JUIZ DE DIREITO: Isso foi quando, se o senhor falou que estava sem dinheiro num primeiro momento e agora o senhor falou que o senhor voltou com dinheiro e ele não tava lá? SÍLVIO NERES MARTINS DE ARAÚJO: Isso ai foi antes de começar tudo, isso já foi antes... JUIZ DE

DIREITO: Quando, em que momento? SILVIO NERES MARTINS DE ARAÚJO: Foi no momento que eu tava no bar. Só que o dinheiro que eu tava era pouco dinheiro, era coisa de R$10,00 por ai. Ai o José veio brincando e pegou esse meu dinheiro, pegou meu dinheiro, ai eu fui e peguei o boné dele e coloquei assim e falei: -se você me devolver meu dinheiro, eu te devolvo seu boné ué. Aí ele pegou, me devolveu o boné, me devolveu osR$10,00 e eu devolvi ele o boné ué. JUIZ DE DIREITO: Isso foi antes? SILVIO NERES MARTINS DE ARAÚJO: Isso foi mais cedo. JUIZ DE DIREITO: Foi mais cedo. Depois que você saiu com o Ronildo então? SÍLVIO NERES MARTINS DE ARAÚJO: Sim, depois que eu saí com o Ronildo.(-)JUIZ DE DIREITO: Perfeito. Depois desses fatos, o senhor estavam brigando, que o senhor falou, deu um golpe, o senhor sabe como essa briga acabou?
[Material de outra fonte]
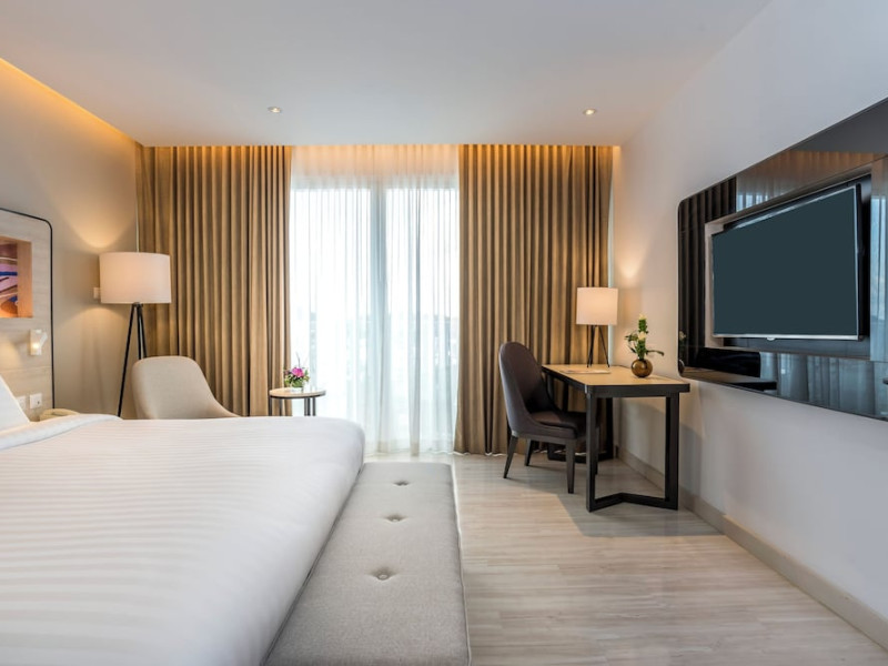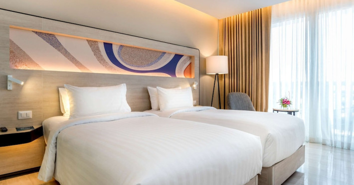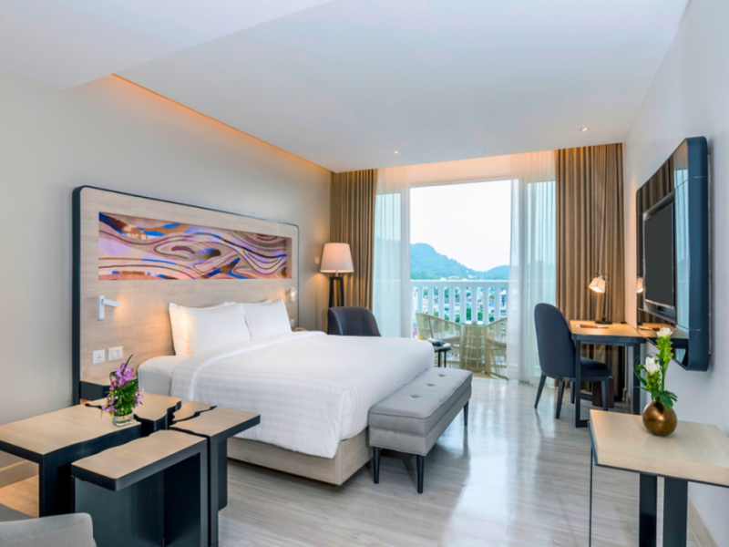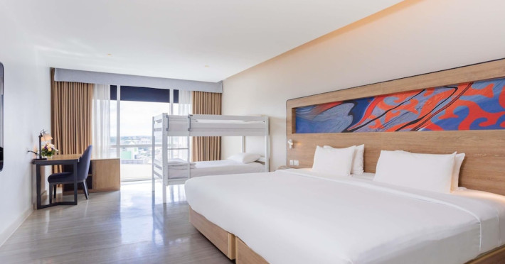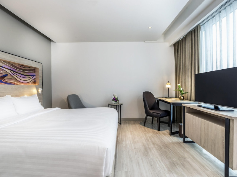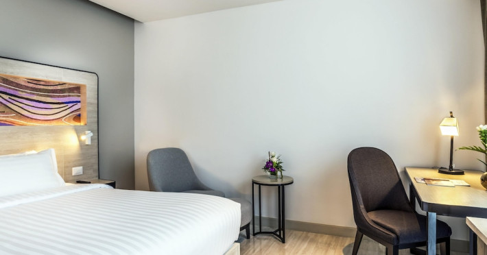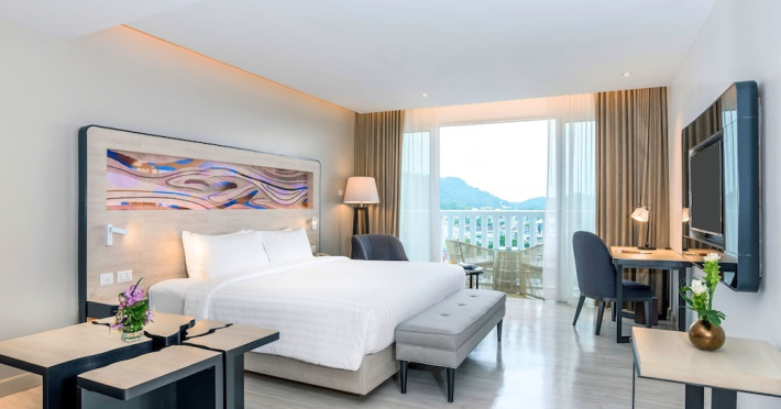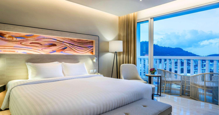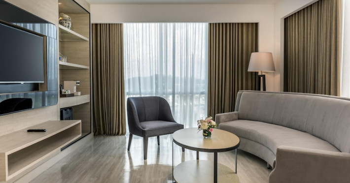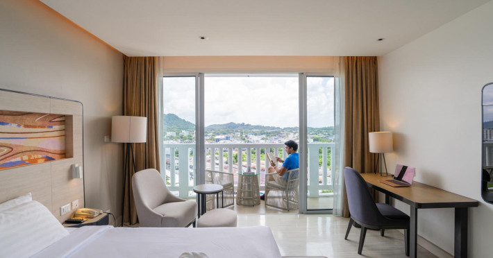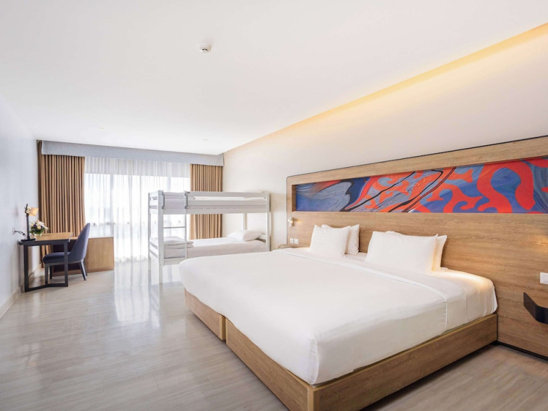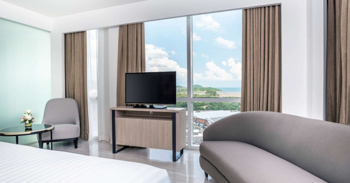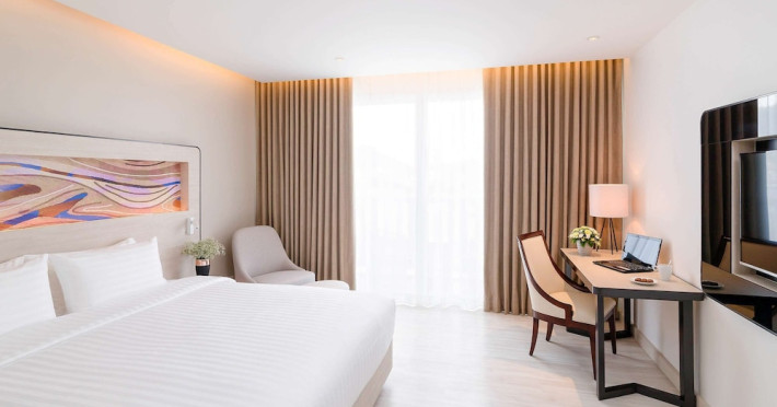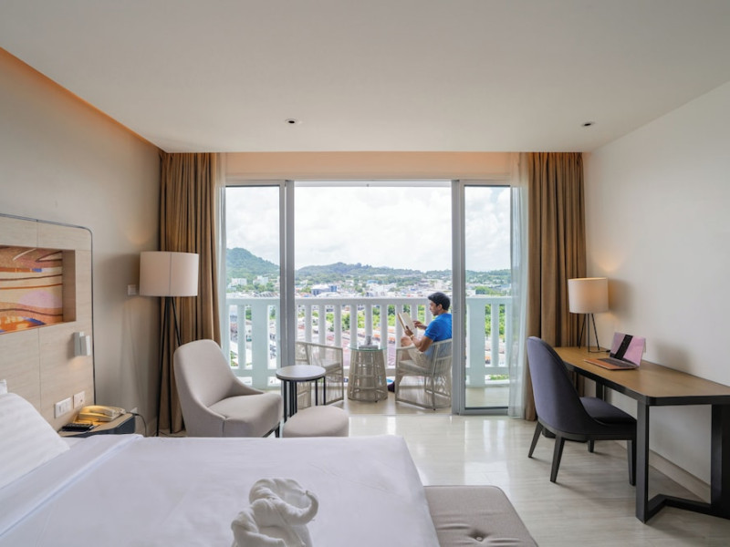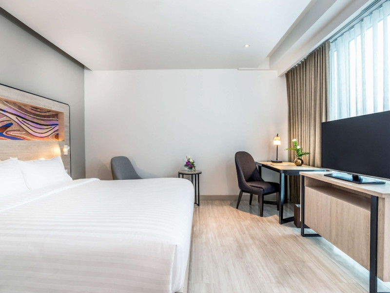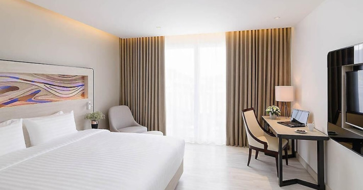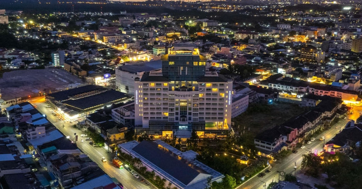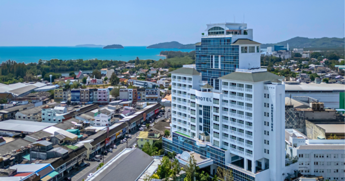 Novotel Phuket City Phokeethra - SHA Extra Plus, located in Phuket Town near the historic Old Town, offers 180 air-conditioned rooms with flat-screen satellite TVs, refrigerators, and private bathrooms with complimentary toiletries. Guests can enjoy amenities such as complimentary wireless internet access, an outdoor pool, a 24-hour fitness center, and a full-service spa offering massages and body treatments. Dining options include a restaurant serving local and international cuisine, 24-hour room service, and two bars/lounges. The hotel also provides concierge services, wedding services, a computer station, express check-in/check-out, and shuttle services (surcharge). Bike rentals and access to a free smart bus service are available for exploring the city. Phuket International Airport is approximately a 1-hour drive away. The Novotel Phuket City Phokeethra is a hotel.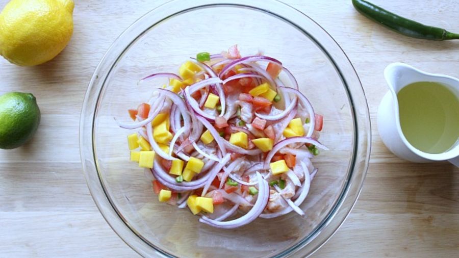 2Cubrir con lima y jugo de limón. Deja reposar cubierto en el refrigerador durante una hora, luego revuelve, asegurándote de que más de los peces se exponga a los jugos de limón. Añadir el mango. Dejar reposar durante varias horas, dando tiempo para que los sabores se mezclen.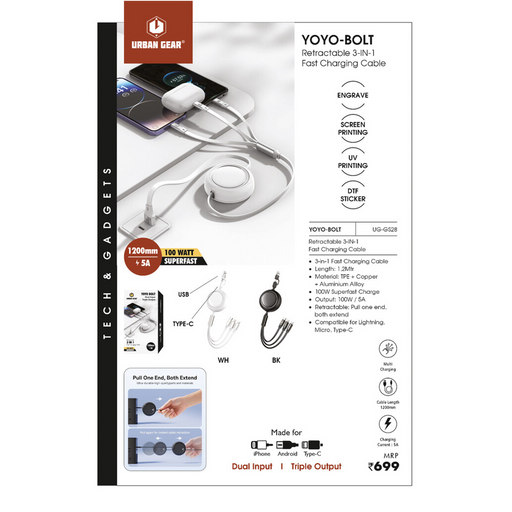 YOYO-BOLT3-in-1 Fast Charging Cable Length: 1,2MtrRetractable 3-IN-1 -New features, cables with C PIn input and USB input !Cable Length 1200mmFast ...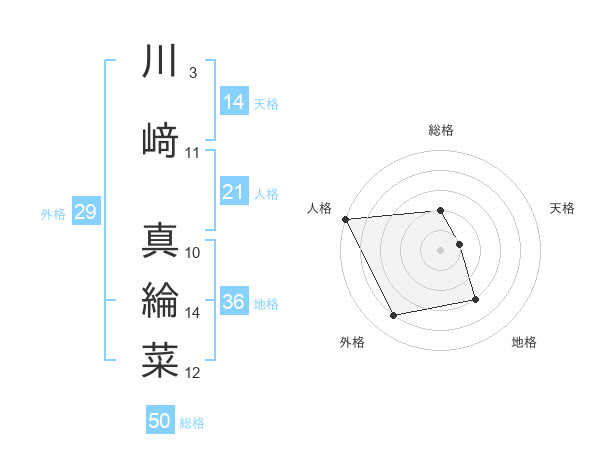 川﨑 真綸菜さんを姓名の画数から五運を鑑定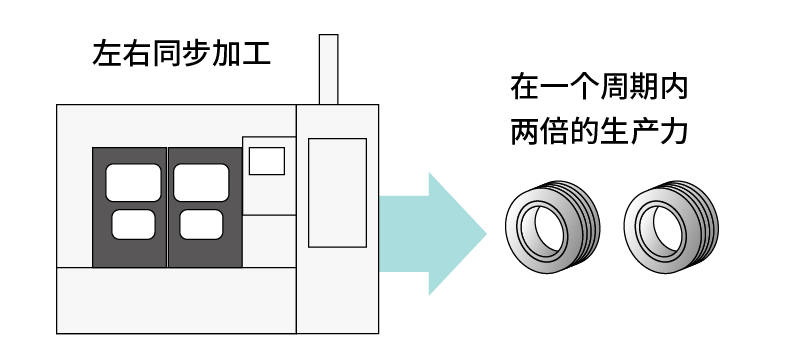 通过在左、右主轴上进行相同的加工,周期时间缩短一半。

SILVIO NERES MARTINS DE ARAÚJO: O bar tava cheio né, tinha um pessoal, uns meninos que trabalhavam de agente, era até um cunhado do Tiago, um pessoal lá, eles falaram que ia me prender, me seguraram, me separaram, falou que ia me prender depois chegou um outro rapaz, falou que eles não podiam me prender, que era para eles me soltar e me mandou embora, mandou sair correndo que o José tava vindo mais uns cara para acabar de me matar uai. Foi só isso, aí eu peguei e sai correndo.

JUIZ DE DIREITO: Então, as pessoas seguraram você e depois falaram que era para o senhor sair correndo, aí o senhor saiu correndo e foi se esconder. SILVIO NERES MARTINS DE ARAÚJO: Foi. Fui pro meio do mato lá e acabou que eles entrou lá em casa, quebrou porta, bateu no meu pai, bateu na minha mãe, me rabou, foi de carro até no meio do mato onde que eu tava correndo, ficou quinze dias lá em casa lá, entrando lá em casa, arrumaram briga com um vizinho meu lá por causa disso também, teve mais tiroteio lá, eles atiraram neles. Foi um negócio assim...(..)"(Midia de f. 354).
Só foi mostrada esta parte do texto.